(How) is it ethical to expose humans to known toxic substances or carcinogens?
The International Agency for Research on Cancer (IARC) has labeled outdoor air pollution and diesel exhaust as “carcinogenic to humans”, These classifications are based on studies examining the risk from high level lifetime cumulative exposures.
There are many factors considered under the IARC cancer classifications. A critical factor is the intensity and duration of exposure. It is important to make the distinction between lifetime (or long-term) exposure to uncontrolled levels of pollutants, and the very short-term exposure to controlled levels of pollutants that occurs in experimental studies. For example, the risk of smoking two packs of cigarettes every day for thirty years is very different from smoking a single cigarette which does not increase risk in any meaningful way.
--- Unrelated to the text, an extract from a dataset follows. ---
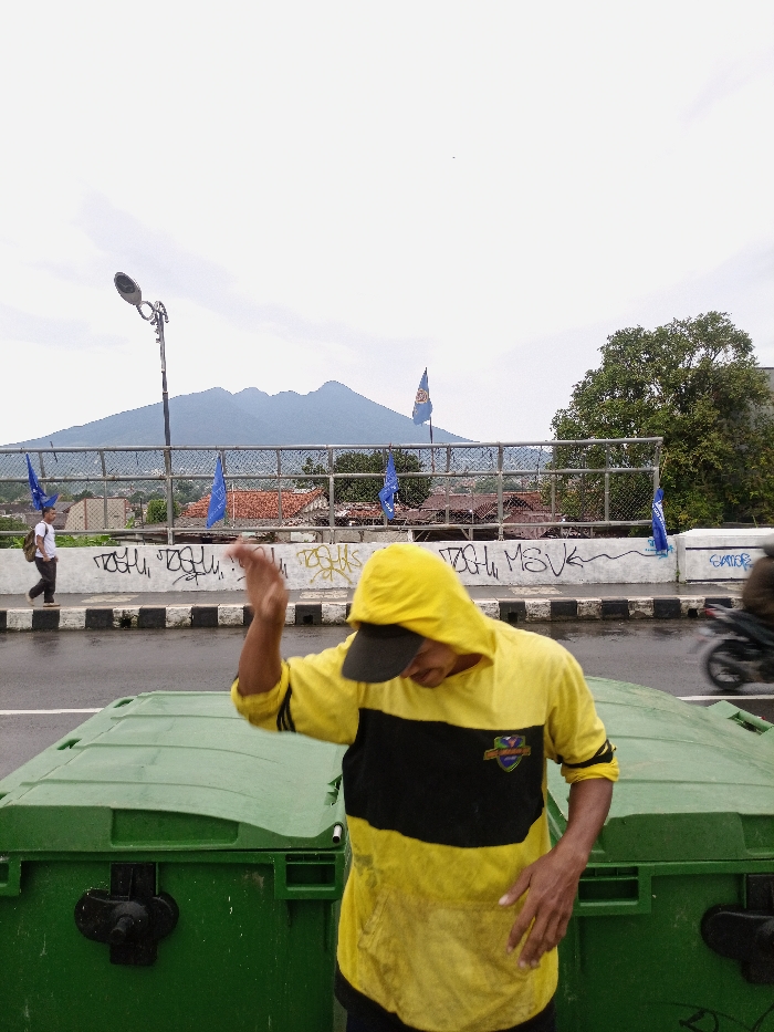 A man in a yellow and black hoodie stands next to a large green dumpster, waving his hand. Behind him is a bridge or overpass with graffiti and black and white striped sections. In the background, a mountain looms under a cloudy sky. Blue flags are placed along the overpass. A person walks on the sidewalk and a motorcycle drives by.

The controlled human-inhalation exposure studies that EPA conducts last only a few hours. According to a recently released committee report from the National Academies of Sciences, EPA controlled exposure “studies add very little cumulative lifetime pollutant exposures … any increase in chronic disease risk, such as from lung cancer, resulting from experimental exposures would be vanishingly small”. At the same time, the NAS acknowledged the benefits from conducting these studies by providing unique information that cannot be obtained from other studies and impacting NAAQS reviews and regulations.
Have there ever been permanent harms to participants in EPA research?
There have never been any permanent adverse effects as a result of EPA research.